Mistakes in the organization of protection against the risks associated with DDoS attacks almost always lead to a reduction in the resilience of their Internet resources to these risks, and it is impossible to compensate for them solely by connecting anti-DDoS services, even when they are most advanced. The situation is often aggravated by the fact that the combination of several flaws increases their overall negative impact.
In this article, we will analyze some of these flaws we encountered while building protection against DDoS risks at a rather large client managing several hundred websites.
Mistake # 1: DDoS protection covers only part of the Internet resources
The client connected only a portion of their resources to our cloud DDoS protection services, leaving about a hundred websites unprotected. More specifically, the protection was only connected at the L3/L4 layers according to the OSI model, while the HTTP application layer (L7) remained unprotected at that time. Obviously, the client believed that no one would ever find these websites and would not be interested in them. Perhaps this would also be the case if they were normal users.
However, the attackers had no rest, they found these websites and took them down with a DDoS attack at the application layer.
This example proves once again that partial protection against DDoS attacks proves to be “leaky” and thus ineffective in practice. To reliably protect Internet resources from DDoS risks, it is necessary to secure them across the board and take a whole range of interrelated measures to reduce these risks (we have outlined the details of our approach in this article).
And since the attack was very intense, the anti-DDoS services were able to quickly identify the main sources of illegitimate traffic and suppress most of the attack at the packet level. However, the volume of the remaining traffic was enough to make the client’s unprotected sites inaccessible at the L7 layer.
To fully solve the problem, it was necessary to include filtering services at the application level. We managed to do this relatively quickly: after receiving a complete list of the incompletely protected sites from the customer, we placed them under the protection of our L7-layer anti-DDoS services.
Mistake # 2: The customer’s network was announced not only to us, but also to two other ISPs
Our customer decided to “hedge their bets”: they registered their network not only through StormWall, but also through two ISPs, and considered their channels as backups. In order to route traffic primarily through the StormWall network, he attempted to degrade his path through two other providers by using the announcement with BGP prepend mechanism.
However, this technique did not work: since announcements with BGP prepend parameters are filtered by many providers, the traffic went not only through StormWall, but also through other providers. And when the DDoS attack started, three quarters of the illegitimate traffic was directed to the client’s Internet resources, bypassing StormWall protection.
It took more than an hour to provide an exclusive announcement of the network (in other words, so that the traffic only went through StormWall filters), while the attack continued.
There are three ways to ensure the protection of Internet applications and websites that work over HTTPS:
- with the disclosure of the SSL private key
- with the receipt of the certificate and the “Let’s Encrypt” private key by the anti-DDoS service provider, without decrypting SSL
- by providing the anti-DDoS provider with the content of the application server’s system logs
In any case, the anti-DDoS provider must receive data about how data is exchanged at the L7 level – without this information it is impossible to build reliable protection of websites and Internet applications.

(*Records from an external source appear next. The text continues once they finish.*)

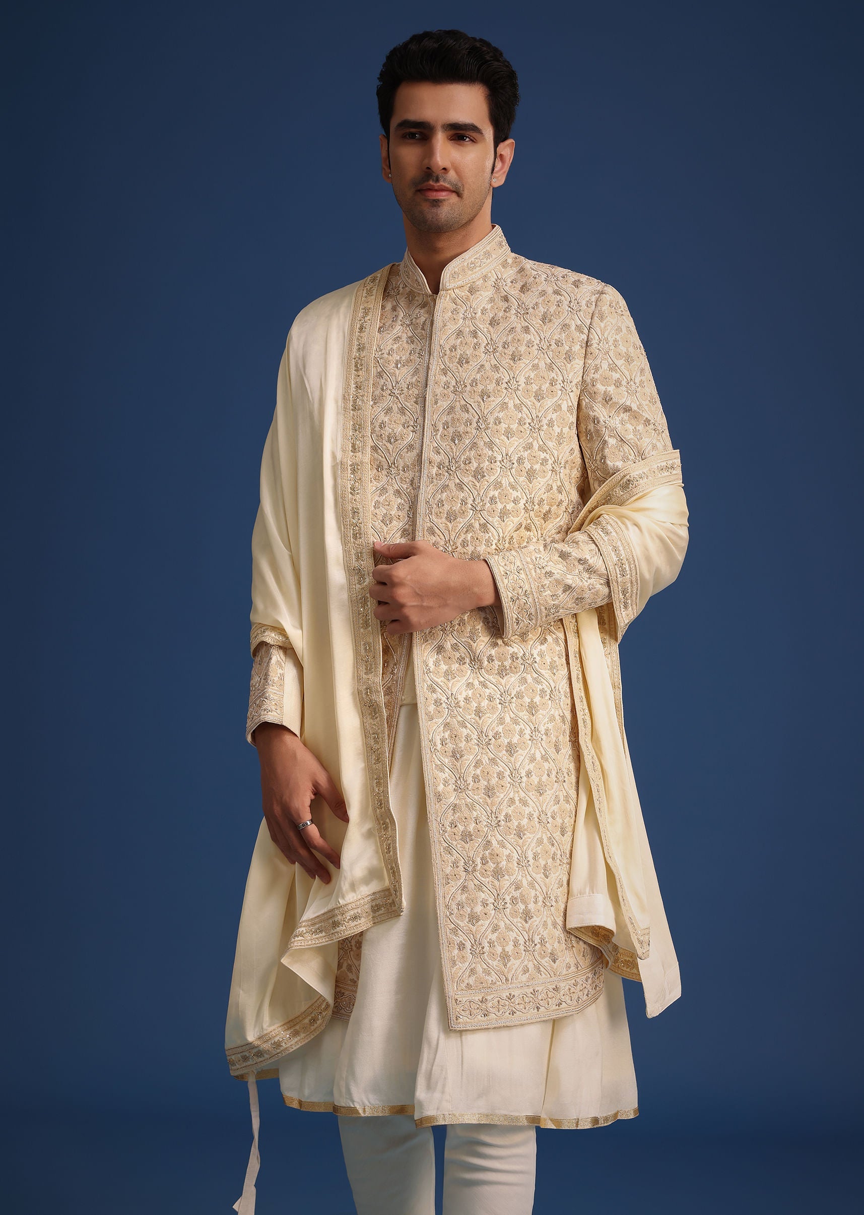 - Highlighted with a mandarin collar, front hook-eye placket and full sleeves, the sherwani is decked with zari work and zardozi embroidery.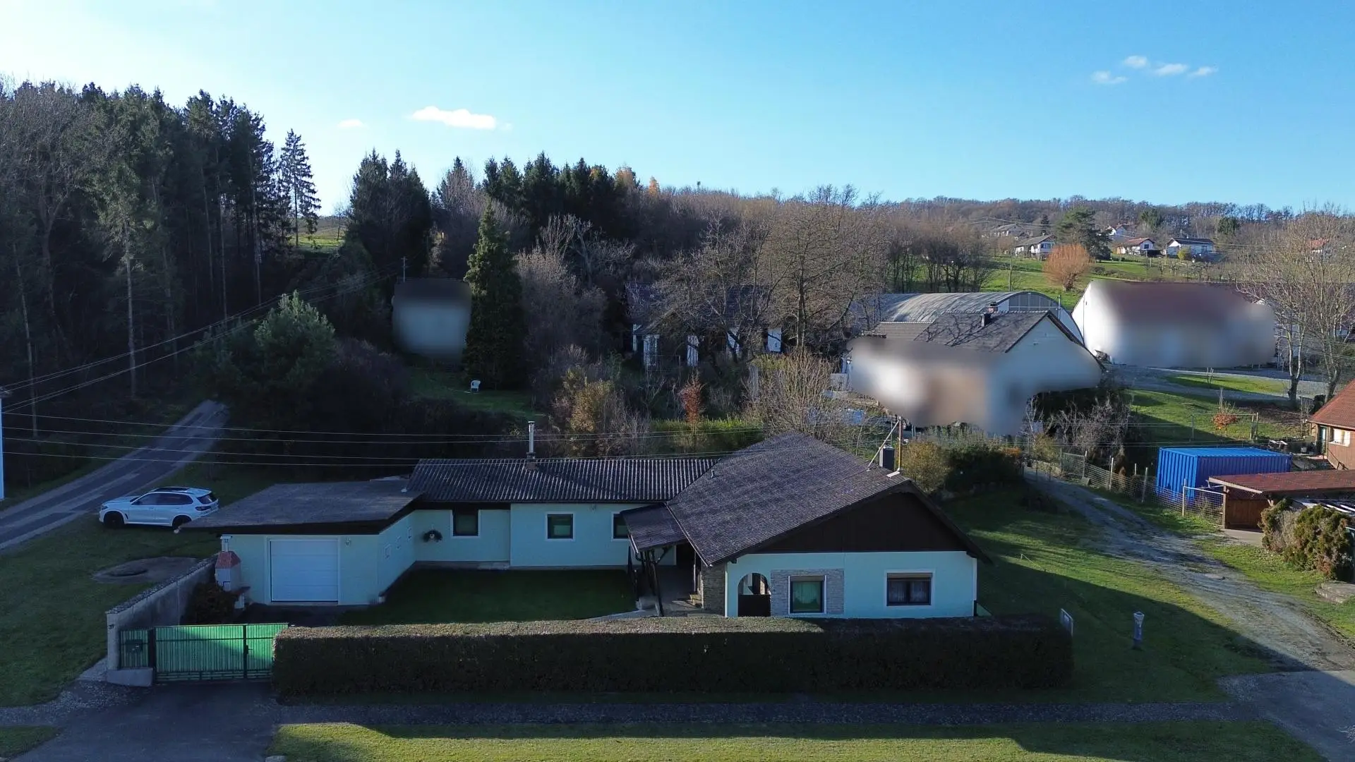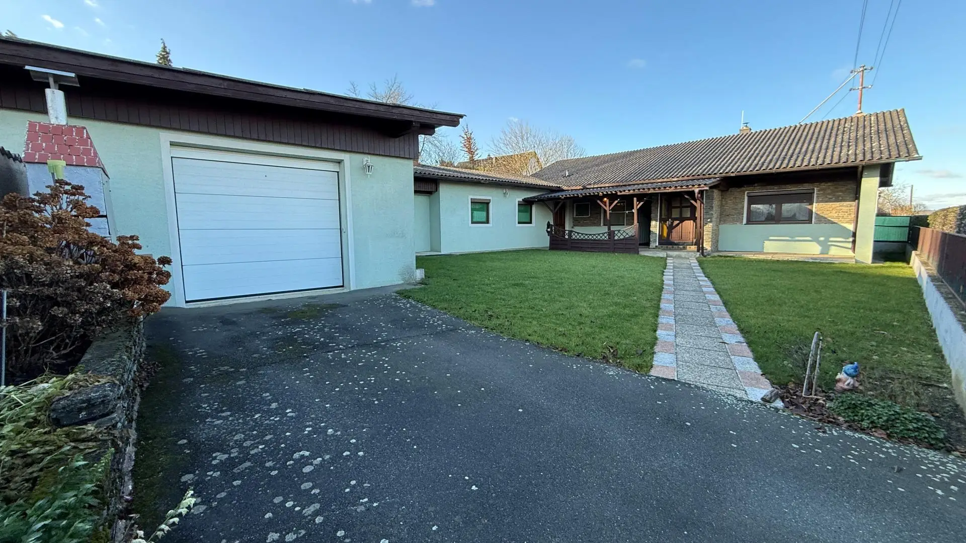 Die vorhandene Garage und das separate Holzlager erweitern die Nutzungsmöglichkeiten im Außenbereich zusätzlich.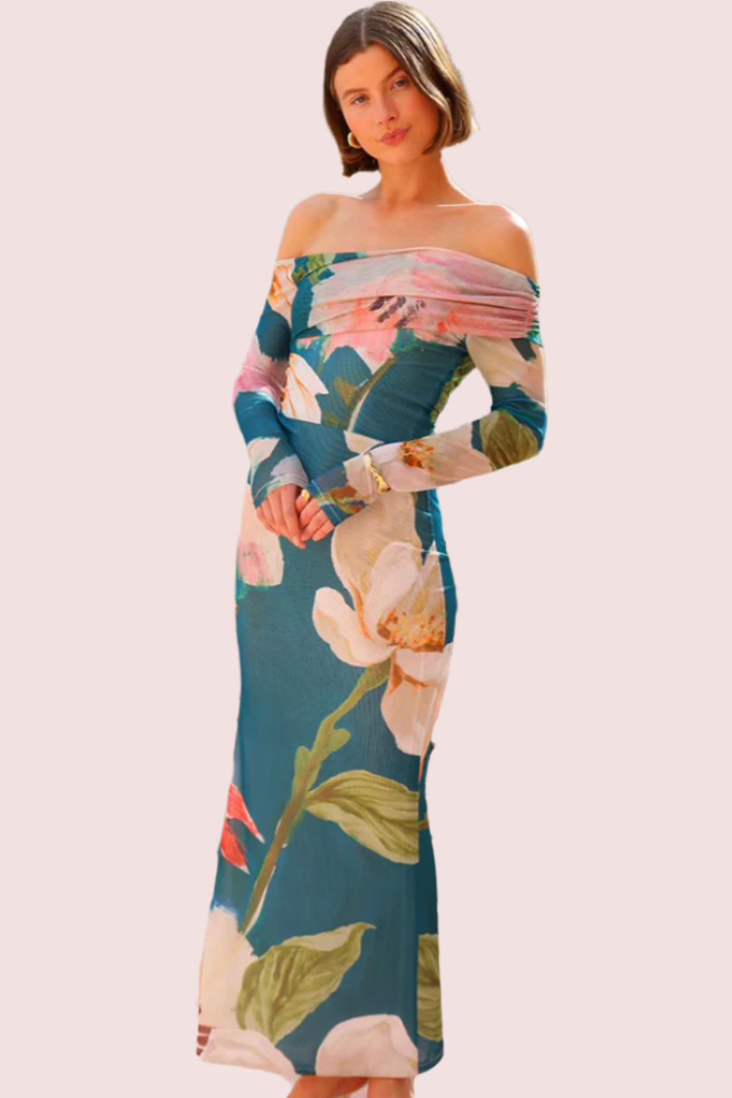 Add a pop of print with the By Nicola Paloma Off Shoulder Mesh Maxi Dress in Pine Green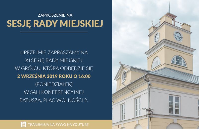 Uprzejmie zapraszamy na XI sesję Rady Miejskiej w Grójcu, która odbędzie się 2 września 2019 roku o 16:00 (poniedziałek) w sali konferencyjnej Ratusza, Plac Wolności 2.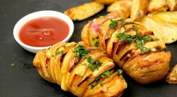 Запечена картопля найчастіше подається просто гарніром, але ми зробимо з неї справжній м’ясний делікатес. Додаємо 200 грамів сала і запекти її поштучно.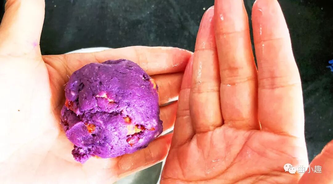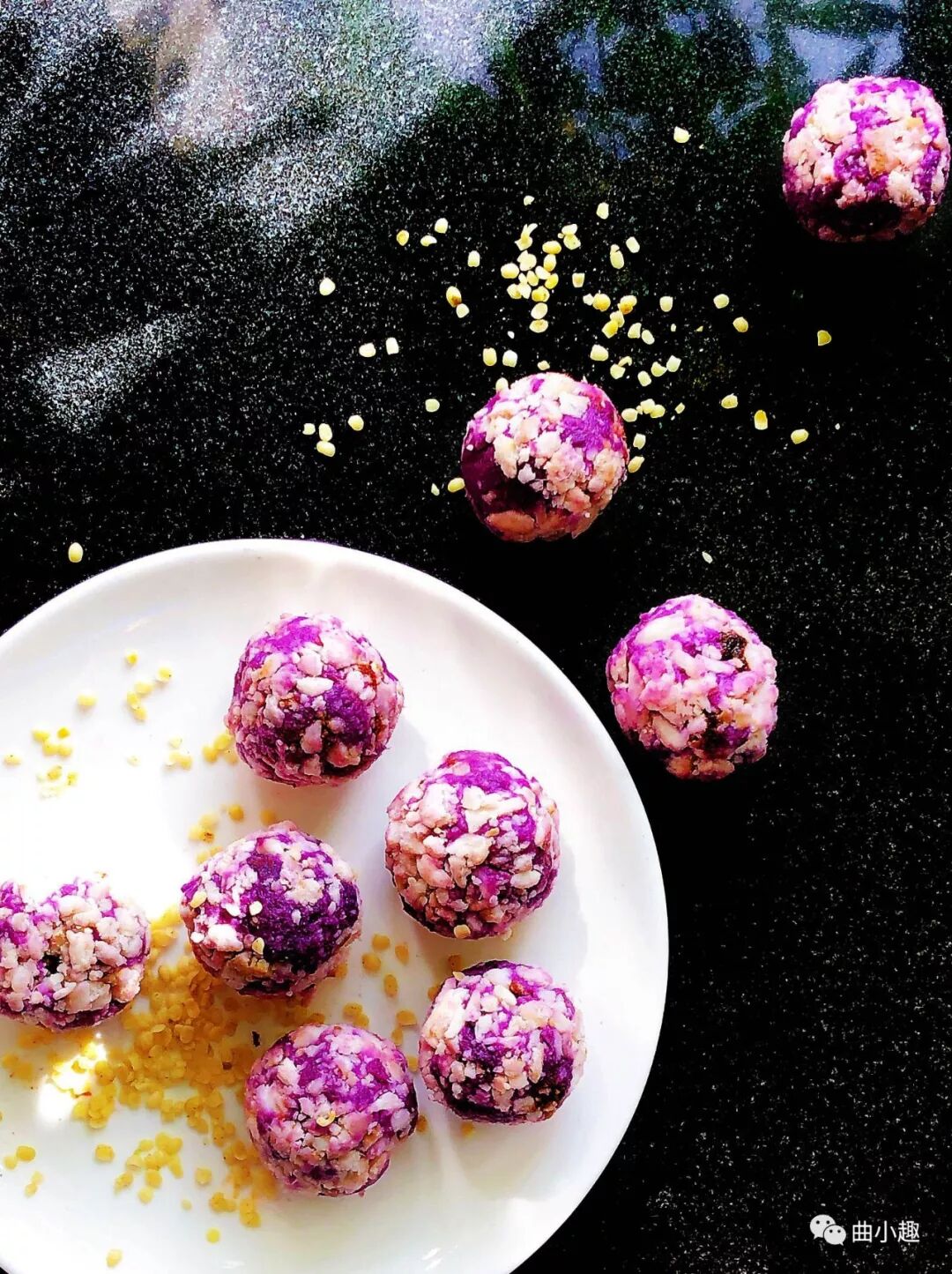 紫薯泥和红枣泥混合成团,滚上山药碎,轻搓成球状。还可裹上火麻仁等一起吃。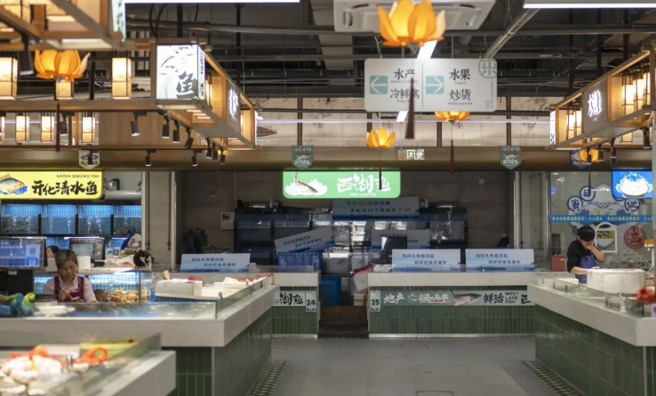 改造后的福明菜場對空間進行了重新規(guī)劃,設置了蔬菜、水果、肉類、海鮮、禽蛋、豆制品、熟食等不同的功能區(qū)域。除了傳統(tǒng)的農(nóng)產(chǎn)品攤位外,福明菜場還引入了許多特色業(yè)態(tài)。如增加了鮮花店、烘焙坊、小吃店、便利店等,滿足了消費者在購物過程中的多樣化需求。同時,還設置了一些品牌農(nóng)產(chǎn)品專賣店,提供高品質(zhì)的特色農(nóng)產(chǎn)品,提升了菜場的檔次。

In our particular case, we applied protection with the disclosure of the SSL private key, as the resources were informative in nature and there were no strict requirements for the protection of the transmitted data.
Mistake #3: The ACL mechanism was applied on GRE tunnels
After all the traffic was redirected to the StormWall filters, it turned out that some of the network packets had been lost somewhere. The reason could be, for example, excessive load on the routers. However, our customer claimed that his routers were very powerful and, according to him, were not overloaded.
After diagnosing the situation, our specialists found that the loss of network packets occurred in the GRE tunnel. At the same time, the bandwidth of the channel was quite sufficient and the traffic volume in the tunnel GRE was not too high.
Upon further analysis, it turned out that the ACL (Access Control List) mechanism on the customer’s routers connecting through the GRE tunnels was applied to the tunnel interfaces, which resulted in the packets being processed programmatically rather than hardware-wise, which significantly affected the performance of these routers.
After the customer’s specialists disabled the ACL mechanism on routers connected to GRE tunnels, there was no more packet loss.
* * *
Although the listed errors are not serious, their combination caused a significant portion of our client’s Internet resources to be unavailable. Normal access to these resources was restored only after about four hours.
And here are the three most important recommendations as a summary for this case:
- For DDoS protection to be effective, it must be comprehensive, covering all Internet resources and all layers that can be used to launch DDoS attacks against those resources.
- To minimize the volume of unauthorized traffic in DDoS attacks, all traffic must pass through the filters of anti-DDoS providers.
- To ensure high resilience of Internet resources against DDoS attacks, the operation of routers must be optimized to achieve their maximum performance. In particular, it is necessary to ensure that the ACL mechanism in the tunnel GRE does not work.